Ben Waxman, the D.A.'s spokesman, did not respond to a request for comment from Big Trial about prosecutorial misconduct in the Lynn case.


  1. Judge Steven Geroff vacated the conviction in Feb. because of ineffective counsel so the DA seemed out of line with his prosecutor misconduct charge.

    The case did seem weak if it was based solely on eyewitness identification. Did the prosecution have a motive and murder weapon tied to Patterson?

    If the case was such a slam dunk, then why was it a mistrial the first time around?

  2. It was 11-1 for guilty the first time. 10 years of review by the appeals court did not find a single thing wrong with this conviction until progressive Larry decided to free a murderer.

  3. What Krasner is doing to this city is a travesty. A D.A. that is for the criminals first is absolutely mind boggling.

  4. Is anyone else tired of Krasner's and Shapiro's grandstanding press conferences. Where are they on the severe prosecutorial misconduct in the Fr Englehardt and Mr Shero cases? Hypocrite is too soft a description to them. Where is the Pennyslvania Innocence Project on their cases? What conduct board does one write to - the US Attorney?

  5. Kramer released a black man who defaced the flag of Israel. Will the Mossad do something about the flag defacer quietly?

  6. It is about time for a tome that revisits Phila. D.A.'s Office over the last 40 years and recounts Mob influence during the Fitzpatrick and Rendell Years through the despicable reign of Rufus the Slimeball and Lawrence the Quaker.

    Finally the cheap suit thugs are getting the treatment that criminals of wealth and stature were afforded for decades.

    If the DOJ ever fairly examines the justice system in this town like they intend to prosecute and convict Oakland's Mayor and D.A., it will be a new and refreshing turn of events.

  7. Ralph, I too am one of your biggest fans, as for George Soro's backing of Krasner, I would say Mr. Soro's can spend his money any way he likes, if he followed campaign finance laws, this should be a non-issue.I can't get excited about his support of Krasner, Philadelphians voted him in office.

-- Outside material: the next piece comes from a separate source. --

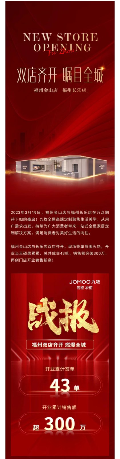 2023年3月19日,福州金山店與福州長(zhǎng)樂(lè)店在萬(wàn)眾期待下如約盛啟!九牧全屋高端定制聚焦生活美學(xué),從用戶需求出發(fā),持續(xù)為廣大消費(fèi)者帶來(lái)一站式全屋家居定制解決方案,滿足消費(fèi)者對(duì)美好生活的向往。
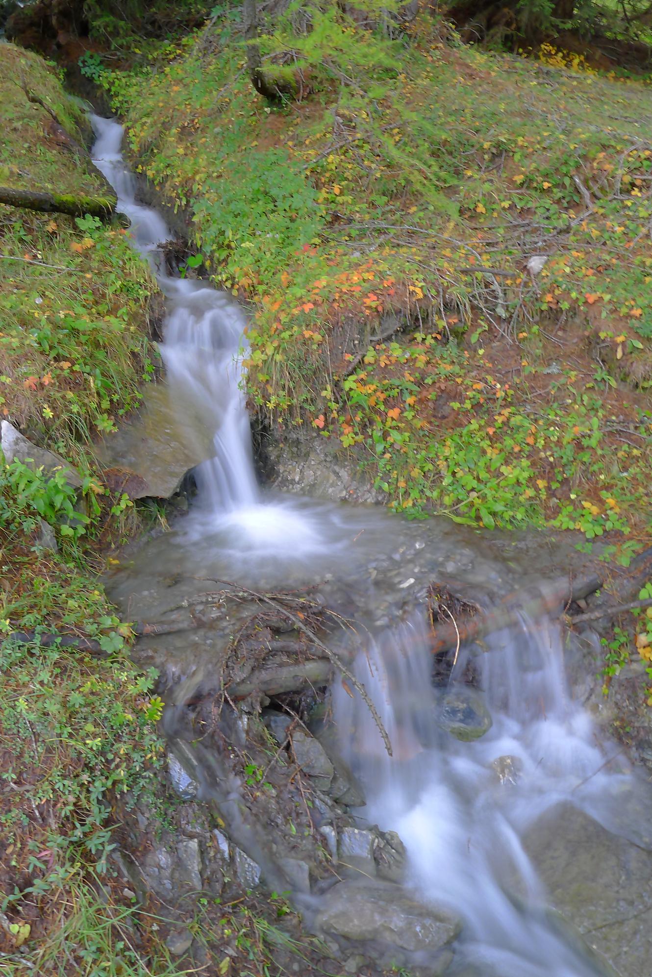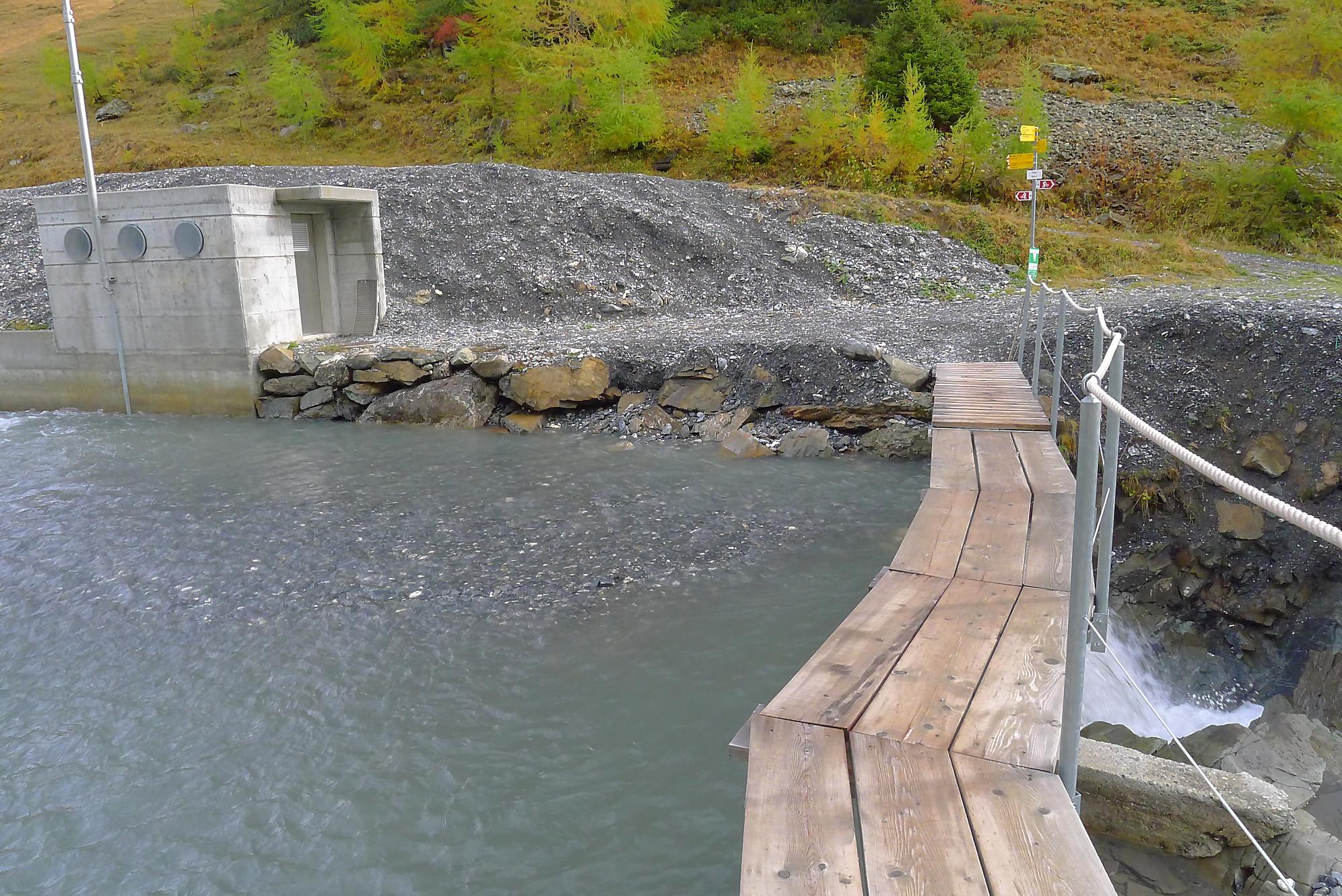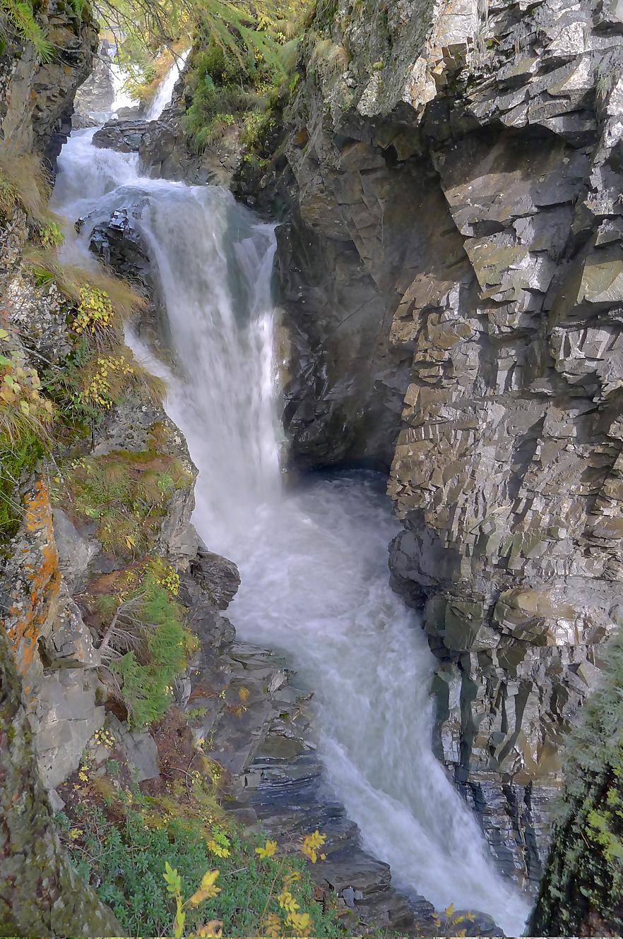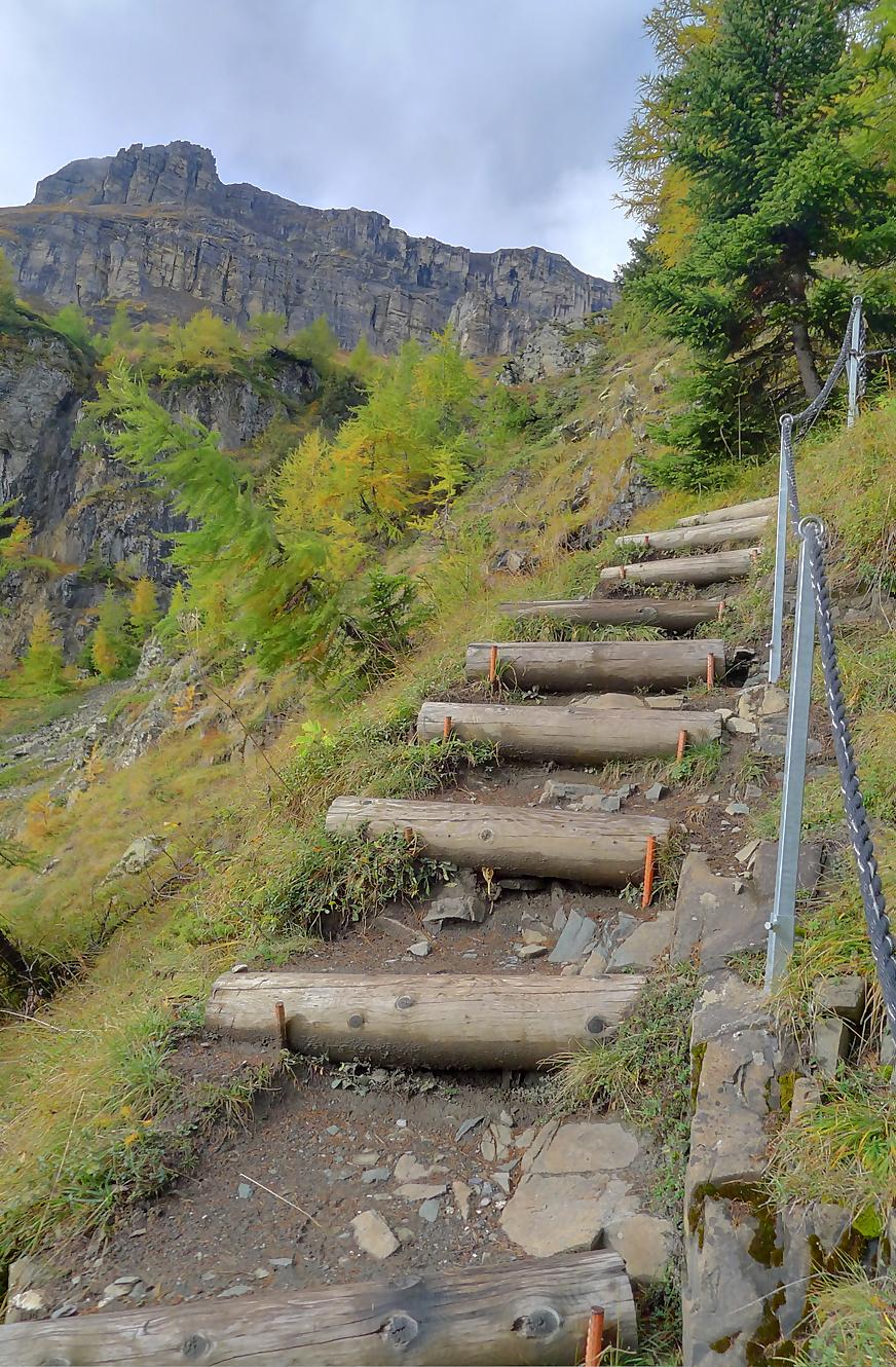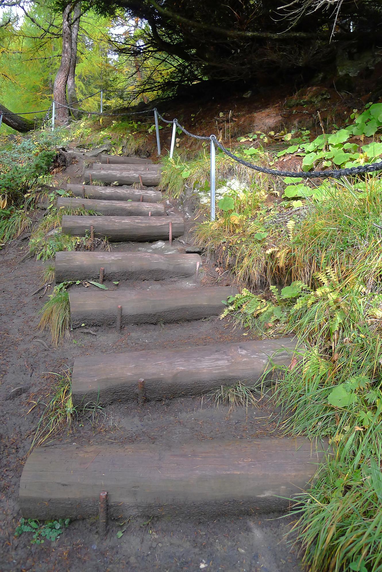 Après Cave du Sex, je suis la fin (ou début) du Bisse du Tsitorret, donc passage doux, excepté la montée finale, pentue, via des escaliers en bois, le long de la gorge de La Tièche (très jolie). Ce cours d’eau marque la frontière linguistique et me voilà en suisse-allemande !

    I agree that all 850 drug dealers should not have been released, Seth was responsible for this maneuver not Krasner, no matter what Krasners influence. Seth wanted the police to look bad and he was responsible ultimately for that decision. To hell with the citizens of the city,Seth was going to do what he wanted to do. When did he care about prosecuting crimes, such as domestic abuse.

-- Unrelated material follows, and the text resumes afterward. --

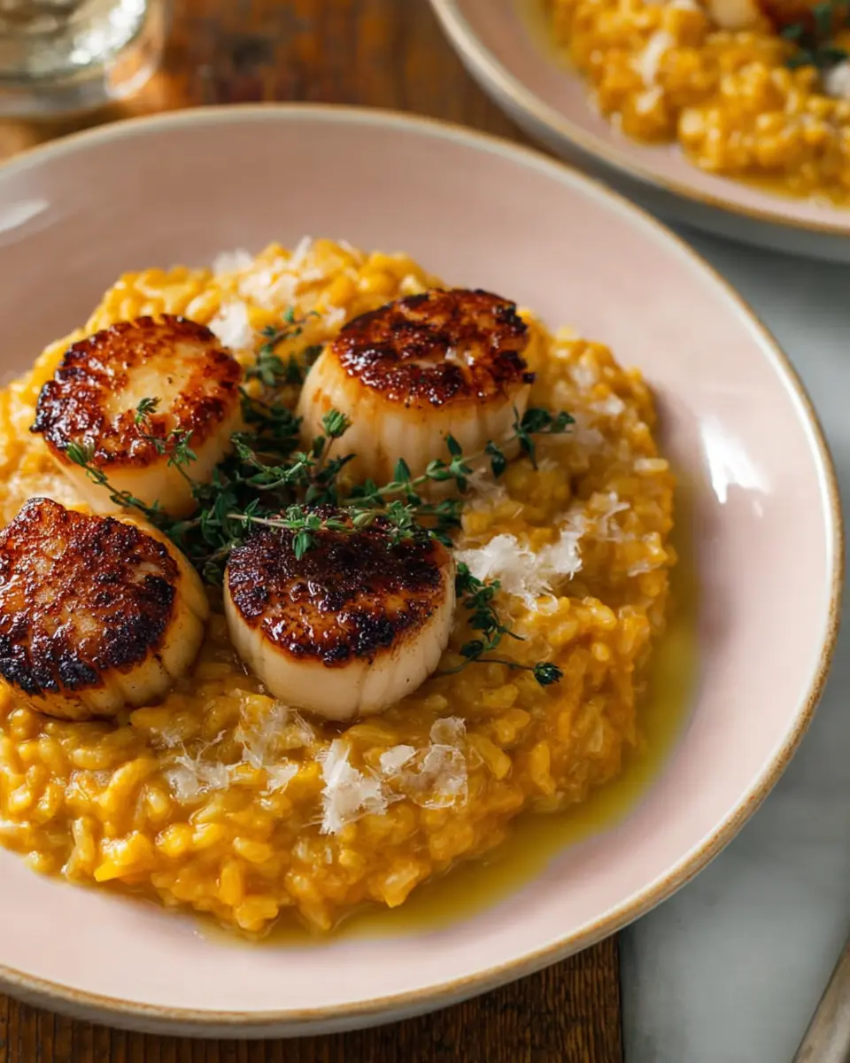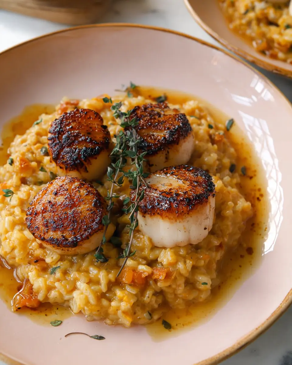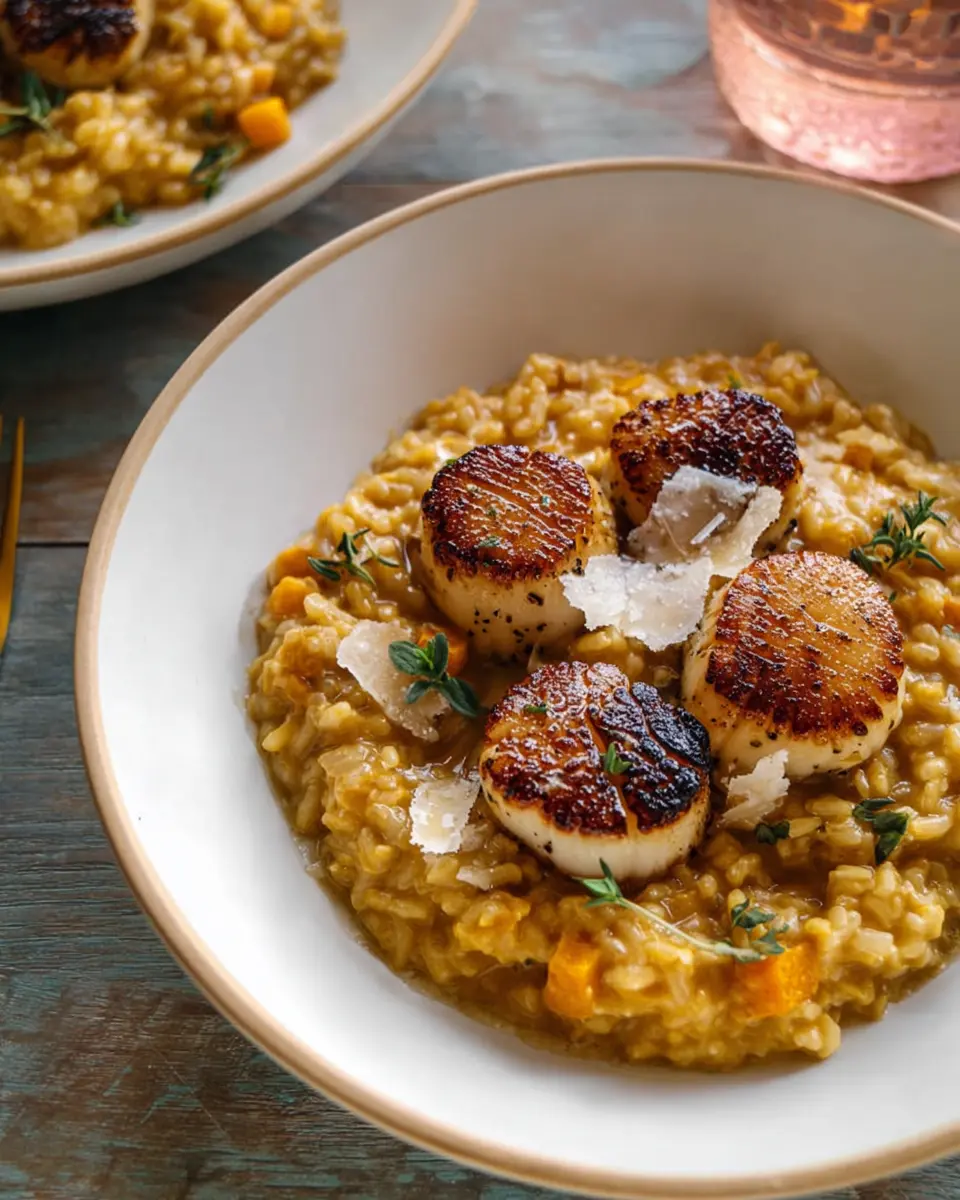 The combination of textures—crispy on the outside, tender and juicy on the inside—paired with the creamy butternut squash risotto makes each bite a comforting yet sophisticated experience. Did you know that scallops are not only delicious but also packed with protein, essential omega-3 fatty acids, and key vitamins?

    I would suspect that when asked, most defendants would say that the prosecution lied and could say it was an egregious example of a lie, but who listens to defendants. No one was calling prosecutors out on their behavior until now. Hopefully it will continue and it will be common place to call a prosecutor a bold faced liar.

    Who was listening to defendants? The Inky, the judges,the courts, the jails ? Prosecutors walked on water and could do nothing wrong. So I can't buy Sax's description of himself or his career.

    I doubt that in 37 years as a prosecutor, or any prosecutor for that matter, that Sax turned over all exculpatory evidence.When I read that line I had to laugh out loud . Why would they share evidence that was beneficial to a defendant, they do want to win at all costs. Never will I believe that they turned over exculpatory evidence, never. Even if we become an open file state or country. I have to agree with Krasner, prosecutors want to win at all costs, no matter who stands in the way or who they have to destroy to win.

    Possibly Krasner has had a belly full of prosecutors like Sax, but why he has not dropped the Lynn case and accused Sorensen and Blessington of egregious behavior and prosecutorial misconduct, I don't have this worked out yet. It does not make sense, unless, now that the Inky is on Krasners side they will start to publish the facts they did not have access to prior. Oh wait that would never work, the Inky has a relationship with the prosecution to spread their "facts" not the truth.